VII
«Братья Вейль, Брюссель, Париж»…
Юстас толкнул дверь и вошел в переполненный магазин.
«Где каждый экспонат радует глаз, – бурчал он себе под нос, как делал обычно, входя сюда, – где все всегда и исключительно для вас. Только у братьев Вейль – Париж, Вена, Флоренция, Брюссель».
Но в это утро никого из братьев не было видно. Когда он вошел, то увидел только мадам Вейль, которая настойчиво уговаривала английского полковника из Индии купить себе Жоржа Брака. Сценка была столь уморительная, а главная исполнительница настолько хороша собой, что Юстас, изобразив интерес к какой-то вполне уродливой майолике, пристроился рядом, что слышать и наблюдать.
Жемчужная и золотистая, при обворожительных розовых пухлостях форм, как могло это роскошное создание сбежать с полотна Рубенса, где ему было самое место? И как, о святые небеса, случилось, что фигура кисти Питера Пауля, явно плод его мифотворческой фантазии, оказалась еще и с ног до головы одета? Но даже в этом совершенно неуместном наряде двадцатого столетия фламандская Венера по фамилии Вейль выглядела обворожительно. Что только подчеркивало абсурд того представления, которое она сейчас разыгрывала перед полковником. С серьезностью маленькой девочки, старательно и слово в слово воспроизводившей только что выученный наизусть урок, она с умным видом повторяла бессмысленные фразы, которыми так умело украшал свою профессиональную скороговорку ее супруг. «Осязаемая ценность», «ритм», «особое значение формы», «repoussoirs», «каллиграфия очертаний» – Юстас узнавал все штампы современной художественной критики вкупе с изобретениями собственного левантийского гения Вейля: «четырехмерное пространство», «couleur d’éternité» и «пластическая полифония». Все это подавалось с таким сильным, с таким невероятно «пикантным» французским акцентом, что напоминало стиль шаловливых парижских девчонок из шедших на лондонских подмостках музыкальных комедий, отчего краснолицый полковник уже почти сомлел от вожделения.

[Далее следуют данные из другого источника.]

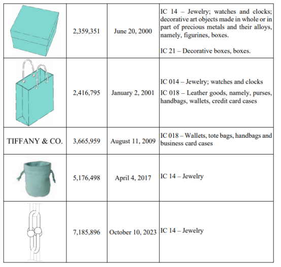 蒂芙尼近年在美国发起的侵权诉讼案由均为商标,其中还包括部分商业外观,部分如下: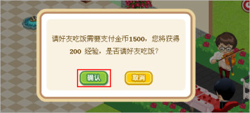 3、选择好友后,点击“确认”即可成功邀请好友用餐,同时从您的餐厅中扣除1500金币,您将获得200经验。如图:

Внезапно раздался громкий топот ног и громкий радостный вопль:
– Мсье Юсташ!
Юстас повернул голову.
Низкорослый, широкоплечий, невероятно подвижный и легкий, это был Габриэль Вейль собственной персоной, несшийся к нему, огибая статуи эпохи раннего барокко и мебель «чинквеченто». Зажав ладонь Юстаса между обеими своими, он тряс ее долго и пылко, заверяя на своем неподражаемом бельгийском английском языке, насколько он счастлив, насколько горд, как глубоко тронут и польщен. А затем, понизив голос, театральным шепотом сообщил, что только что получил кое-что от своего брата в Париже. Поистине драгоценный груз, причем, рассмотрев полученные вещи, тут же дал себе несокрушимую клятву, что не покажет этого ни одной живой душе, будь то хоть сам Пирпонт Морган, пока ce cher Monsieur Eustache лично не снимет пенки с новых поступлений, отобрав для себя все самое лучшее. И какие это вещи, какие деликатесы! Рисунки Дега, подобных которым еще никто никогда не видел.

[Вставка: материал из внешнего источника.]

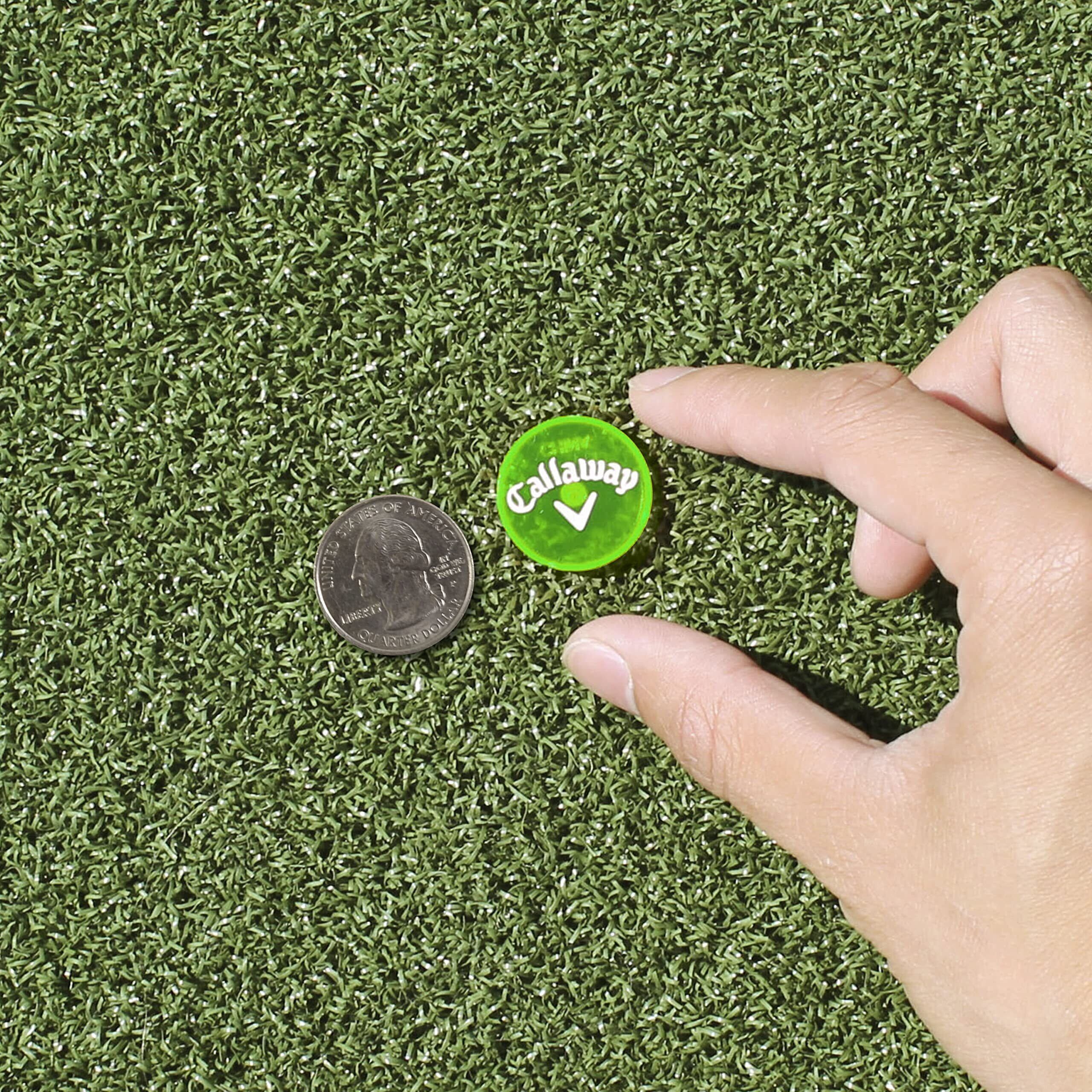 キャロウェイのロゴが入った、目立ちやすいネオンカラーのボールマーカー

Все еще бурля энтузиазмом, он провел гостя в одну из комнат позади салона, где на резном венецианском столике лежала большая черная папка.
– Вот! – воскликнул он, сделав жест, скопированный у персонажей картин старых мастеров, которые указывали зрителю на сцену Преображения Господня или на мученичество святого Эразма.
Несколько мгновений он хранил молчание, а потом, сменив выражение лица на похотливую и хитрую ухмылку работорговца, продающего юных черкешенок престарелому паше, принялся развязывать тесемки папки. Как заметил Юстас, руки у него были ловкими и сильными, густо поросшими с внешней стороны мягкими черными волосами и с безукоризненным маникюром на ногтях. Широким движением мсье Вейль открыл тяжелую картонную крышку папки.
– Смотрите!
В его голосе звучали триумф и уверенность в успехе. При виде этих свежих сосков грудей, только начавших распускаться бутонов, этих ни с чем не сравнимых по красоте девичьих пупочков не устоял бы ни один самый пресыщенный паша.
– Нет, вы только взгляните!
Нацепив монокль, Юстас посмотрел и увидел сделанный углем набросок обнаженной женщины, стоявшей внутри жестяной ванны, как в Римском саркофаге. Одна нога, заметно деформированная необходимостью носить слишком узкую обувь, опиралась на край ванны, а женщина склонилась вниз так, что ее волосы и грудь падали в одну сторону, а тощий зад был выставлен в другую. Ее колено было искривлено наружу под, казалось бы, самым неуклюжим углом, чтобы она могла поскрести себе пятку, которая непостижимым образом на этом черно-белом рисунке выглядела желтой и все еще грязной, несмотря на потраченное мыло.
– Но разве это лицо?.. – пробормотал Юстас.
Но он уже понимал, что только Дега и никто другой умел передавать невзрачную и не предназначенную для чужих глаз физиологию наших тел, занятых бытовыми делами, с такой правдивостью форм и уж тем более с такой неожиданной красотой.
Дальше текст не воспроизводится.